The same is true regardless of subject matter. A survey on the percentage of the student population that has green eyes or is physically incapacitated would result in a mathematical probability based on a simple random survey, but always with a plus or minus variance. The only way to have a 100% accuracy rate would be to survey all 1,000 students which, while possible, would be impractical.

### Key Takeaways

• A simple random sample takes a small, random portion of the entire population to represent the entire data set, where each member has an equal probability of being chosen.
• Researchers can create a simple random sample using methods like lotteries or random draws.
• A sampling error can occur with a simple random sample if the sample does not end up accurately reflecting the population it is supposed to represent.

## Simple Random Versus Stratified Random Sample

Simple random samples and stratified random samples are both statistical measurement tools. A simple random sample is used to represent the entire data population. A stratified random sample divides the population into smaller groups, or strata, based on shared characteristics.

Unlike simple random samples, stratified random samples are used with populations that can be easily broken into different subgroups or subsets. These groups are based on certain criteria, then elements from each are randomly chosen in proportion to the group's size versus the population.

This method of sampling means there will be selections from each different group—the size of which is based on its proportion to the entire population. But the researchers must ensure the strata do not overlap. Each point in the population must only belong to one stratum so each point is mutually exclusive. Overlapping strata would increase the likelihood that some data are included, thus skewing the sample.
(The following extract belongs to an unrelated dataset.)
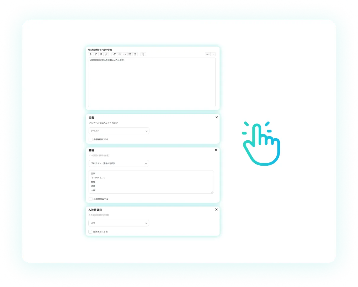 対応依頼のフォームを簡単作成。プルダウンやファイル添付、必須項目の設定など自由自在に作成いただけます。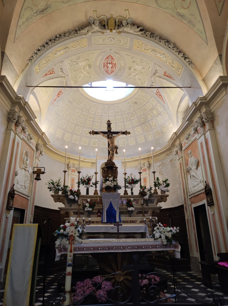 Il borgo di Seborga ha case antiche e meno antiche, mescolate, pochi negozietti, non troppi b&b, qualche ristorante… Ma ci sono alcune piccole chicche che vale la pena di scoprire: la prima è l’Oratorio della Madonna miracolosa dell’ Alvenia. Noi l’abbiamo trovato chiuso, ma una porta vetrata vi permetterà di vedere all’interno. Si tratta di un ambiente voltato a botte, con un pavimento lucidissimo, in stile moderno. Vi lasciamo a link un articolo che parla di questo discusso culto.

## Advantages of Simple Random Samples

Ease of use represents the biggest advantage of simple random sampling. Unlike more complicated sampling methods, such as stratified random sampling and probability sampling, no need exists to divide the population into sub-populations or take any other additional steps before selecting members of the population at random.

A simple random sample is meant to be an unbiased representation of a group. It is considered a fair way to select a sample from a larger population since every member of the population has an equal chance of getting selected.

Although simple random sampling is intended to be an unbiased approach to surveying, sample selection bias can occur. When a sample set of the larger population is not inclusive enough, representation of the full population is skewed and requires additional sampling techniques.

## Disadvantages of Simple Random Samples

A sampling error can occur with a simple random sample if the sample does not end up accurately reflecting the population it is supposed to represent. For example, in our simple random sample of 25 employees, it would be possible to draw 25 men even if the population consisted of 125 women and 125 men.

For this reason, simple random sampling is more commonly used when the researcher knows little about the population. If the researcher knew more, it would be better to use a different sampling technique, such as stratified random sampling, which helps to account for the differences within the population, such as age, race or gender. Other disadvantages include the fact that for sampling from large populations, the process can be time-consuming and costly compared to other methods.